The story began with a change in the law about how the Election Commissioner of India was to be appointed. Under the new schema, the ruling party got a simple 2-1 majority, and the Chief Justice of India, previously a selector, was excluded. And the Supreme Court has been considering cases against the law for three years without any verdict, while a handpicked ECI acts on behalf of the ruling party. This was how Gyanesh Kumar was made the ECI.
As ECI he ordered a so-called Special Intensive Revision or SIR. The West Bengal case is particularly obnoxious, but in passing it is worth mentioning that the Chief Minister of Tamil Nadu, M. K. Stalin, a staunch opponent of Hindi imposition and of the RSS brahminism, lost by a few thousand votes in a seat where the SIR had deleted over a hundred thousand voters’ names. In West Bengal, the initial round excluded something like 54 lakh names. While a part are actually dead, duplicate names, moved to other place, etc, even here complaints were lodged about how actual voters’ names were deleted. Then came a revision. This was a horror show. It authorised handpicked personnel to supersede the legally designated officers responsible for voter verification. Rules changed without public notice. An ever-morphing software dictated terms to officers. WhatsApp messages and oral commands complemented written regulations. To understand why this SIR is fundamentally different, one must begin with a category that did not exist in Indian electoral practice before 2026: “Logical Discrepancy.”
The SIR required every voter to establish linkage to the 2002 electoral roll, either directly or through a relative. Voters were sorted into three groups: Mapped, Unmapped, and the newly introduced category: Logical Discrepancy.
On paper, this category captured mismatches in parental names, implausible age gaps, or inconsistencies in records. In practice, the triggers were often banal. Variations in transliteration, for example, “Mohammed” versus “Muhammad,” “Mondal” versus “Mandal”, routinely confused the ERONET software. Poor-quality scans of older rolls further undermined digital matching.
A voter could be flagged not because they were ineligible, but because software failed to recognise what any human reader would.
Midway through the process, the Commission introduced another layer: an algorithm that re-flagged voters who had already been successfully mapped. The goalposts shifted in real time, through software updates that were never publicly explained to voters or even consistently communicated to officials.
The SIR has been conducted thirteen times since 1952. Never before has a category like Logical Discrepancy been used to place millions of voters in a state of suspended franchise without a clear, public explanation of what the category means, how it is triggered, or how a voter exits it.
The target was clearly seats, and categories of voters, suspected of being pro-Trinamul.

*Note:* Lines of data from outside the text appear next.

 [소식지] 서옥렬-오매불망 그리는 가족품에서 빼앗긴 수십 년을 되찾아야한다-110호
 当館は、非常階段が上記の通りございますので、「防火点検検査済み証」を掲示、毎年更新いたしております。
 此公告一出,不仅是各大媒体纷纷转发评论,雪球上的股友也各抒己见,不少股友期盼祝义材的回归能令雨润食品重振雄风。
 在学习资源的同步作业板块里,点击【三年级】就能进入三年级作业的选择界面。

The ECI did not stop with this. The SIR was uploaded in such a way that reading it was difficult. Alt News reported:
When Alt News attempted to work with the SIR Final Rolls 2026 for two Kolkata constituencies — Bhabanipur (159) and Ballygunge (161) — the obstacles began immediately.

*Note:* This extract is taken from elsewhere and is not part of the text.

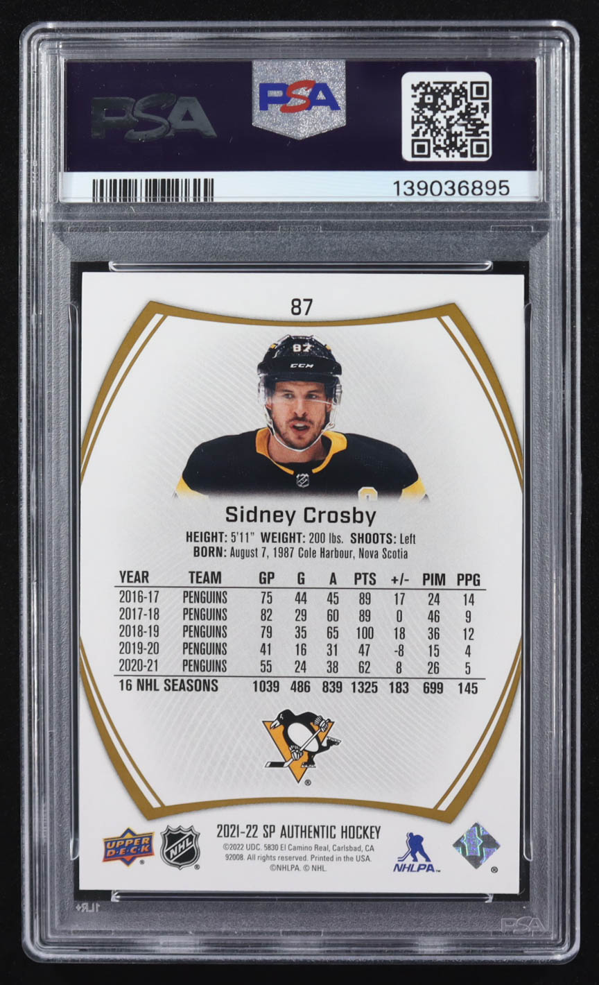 Sidney Crosby 2021-22 SP Authentic Limited Gold #87 #84/99 (PSA 8)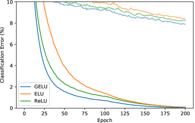 우리의 얕은 합성곱 신경망은 Salimans & Kingma(2016)의 아키텍처와 훈련 절차를 따르는 9개 층으로 이루어진 네트워크이며, 훈련 속도를 높이기 위해 배치 정규화를 사용합니다. 이 아키텍처는 부록 A에 설명되어 있으며, 최근에 데이터 증강 없이 CIFAR-10에서 최신 성능을 달성했습니다. 이 네트워크는 데이터 증강 없이 훈련되었습니다. 학습률 {10^{-3}, 10^{-4}, 10^{-5}을 튜닝하고, 5천 개의 검증 샘플을 사용한 후 교차 검증에서 선택된 학습률을 기반으로 전체 훈련 세트를 다시 훈련합니다. 네트워크는 200에포크 동안 Adam 옵티마이저로 최적화되며, 100번째 에포크에서 학습률이 선형적으로 0으로 감소합니다. 결과는 그림 6에 나타나 있으며, 각 곡선은 세 번의 실행 중 중간값입니다. 결국, GELU는 중간 오류율 7.89%를 기록했으며, ReLU는 8.16%, ELU는 8.41%를 기록했습니다.

The first barrier was access. Bhabanipur alone contains 267 zones. The ECI website allows downloads for only ten areas at a time, each gated by a CAPTCHA. Automation is effectively blocked. Manual downloading took hours.
The second barrier was the format. The scanned PDFs are, on average, 228 times larger than a digitally readable equivalent, yet contain none of the underlying structured data. This is not a technological limitation. India runs systems like Aadhaar, UPI, and DigiLocker at massive scale. Publishing a CSV (A computerised file with Comma Separated Values) alongside a PDF is trivial by comparison. The absence of such formats is a decision.
The third barrier lies within the files. Roughly one in ten voter entries carries a diagonal “UNDER ADJUDICATION” watermark, often obscuring the name itself. This is not incidental. It directly interferes with automated data extraction and even manual reading in some cases.
In the two constituencies combined Muslim voters account for 39.5%, but among under adjudication they came to over 66 %.
The ECI did not stop with the SIR. They issued a notice to the Trinamul congress, that sounded like a BJP threat. And they virtually made the state police non functional, bringing in huge amount of central police and para-military forces to conduct the elections. In summary, the ECI functioned like an arm of the state waging war on the people of Bengal.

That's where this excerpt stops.